Converting nitrogen into ammonia relying on the electrochemical nitrogen reduction reaction (NRR) is of great significance for sustaining life, and the development and screening of efficient electrocatalysts increasingly represent a major chemistry challenge. Herein, from density functional theory simulations, a series of recently developed poly(heptazine imide) (PHI)-anchored single-atom catalysts were investigated as the potential electrocatalysts for NRR, based on thermodynamics and kinetics analysis.

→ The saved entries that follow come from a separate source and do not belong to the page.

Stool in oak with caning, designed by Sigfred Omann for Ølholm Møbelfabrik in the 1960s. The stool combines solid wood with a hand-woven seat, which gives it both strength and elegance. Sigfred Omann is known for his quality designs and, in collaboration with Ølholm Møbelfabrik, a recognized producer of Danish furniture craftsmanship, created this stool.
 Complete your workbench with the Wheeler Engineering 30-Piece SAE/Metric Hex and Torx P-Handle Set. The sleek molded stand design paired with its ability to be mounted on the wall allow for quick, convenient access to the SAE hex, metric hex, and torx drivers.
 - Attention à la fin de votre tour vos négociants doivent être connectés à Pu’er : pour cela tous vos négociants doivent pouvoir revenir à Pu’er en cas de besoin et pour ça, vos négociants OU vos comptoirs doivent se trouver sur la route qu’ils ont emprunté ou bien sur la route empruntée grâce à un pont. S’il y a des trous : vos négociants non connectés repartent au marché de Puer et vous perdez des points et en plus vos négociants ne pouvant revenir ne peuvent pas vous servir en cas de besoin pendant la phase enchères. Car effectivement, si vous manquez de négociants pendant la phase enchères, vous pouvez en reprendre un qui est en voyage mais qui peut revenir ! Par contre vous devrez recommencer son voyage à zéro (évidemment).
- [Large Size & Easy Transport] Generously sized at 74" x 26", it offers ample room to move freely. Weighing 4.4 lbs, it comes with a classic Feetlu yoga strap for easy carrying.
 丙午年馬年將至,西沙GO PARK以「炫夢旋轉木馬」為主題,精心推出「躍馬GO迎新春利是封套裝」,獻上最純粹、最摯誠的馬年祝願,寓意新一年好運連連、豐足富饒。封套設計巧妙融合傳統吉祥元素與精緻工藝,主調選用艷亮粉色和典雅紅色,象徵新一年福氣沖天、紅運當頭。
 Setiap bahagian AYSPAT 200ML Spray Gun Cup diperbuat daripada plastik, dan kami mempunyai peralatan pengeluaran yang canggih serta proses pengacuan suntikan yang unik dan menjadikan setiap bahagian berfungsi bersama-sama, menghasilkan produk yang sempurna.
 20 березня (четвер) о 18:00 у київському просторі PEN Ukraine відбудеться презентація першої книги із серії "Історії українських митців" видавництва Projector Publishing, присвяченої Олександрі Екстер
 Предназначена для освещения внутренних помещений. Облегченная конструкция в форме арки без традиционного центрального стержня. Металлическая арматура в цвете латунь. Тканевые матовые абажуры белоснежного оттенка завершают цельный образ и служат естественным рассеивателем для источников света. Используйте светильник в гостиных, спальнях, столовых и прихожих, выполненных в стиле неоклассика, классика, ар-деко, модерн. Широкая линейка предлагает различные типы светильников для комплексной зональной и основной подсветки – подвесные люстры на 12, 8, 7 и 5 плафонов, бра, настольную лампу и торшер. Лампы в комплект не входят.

The results reveal that the Mo-PHI nanosheet can effectively activate the inert N2 and promote N2 reduction to NH3 via the distal mechanism, which shows much better electrocatalytic activity than those of most ever-reported single-atom electrocatalysts, as reflected by the significantly much lower overpotential (0.05 V) and activation barrier (1.15 eV). The extraordinary activity of the Mo-PHI single layer is closely related to the efficient redistribution of electron density upon the adsorption of N2 molecules, which can promote the electron transfer from the substrate to the electron acceptors, N2. Moreover, the down-shift of projected density of states and the appropriately large d-band center (εd) of the central Mo metal is beneficial to the N2 adsorption for further reduction to generate NH3. Our predictions hence suggest the as-designed Mo-PHI single layer as a superior promising catalyst for efficient dinitrogen fixation and reduction.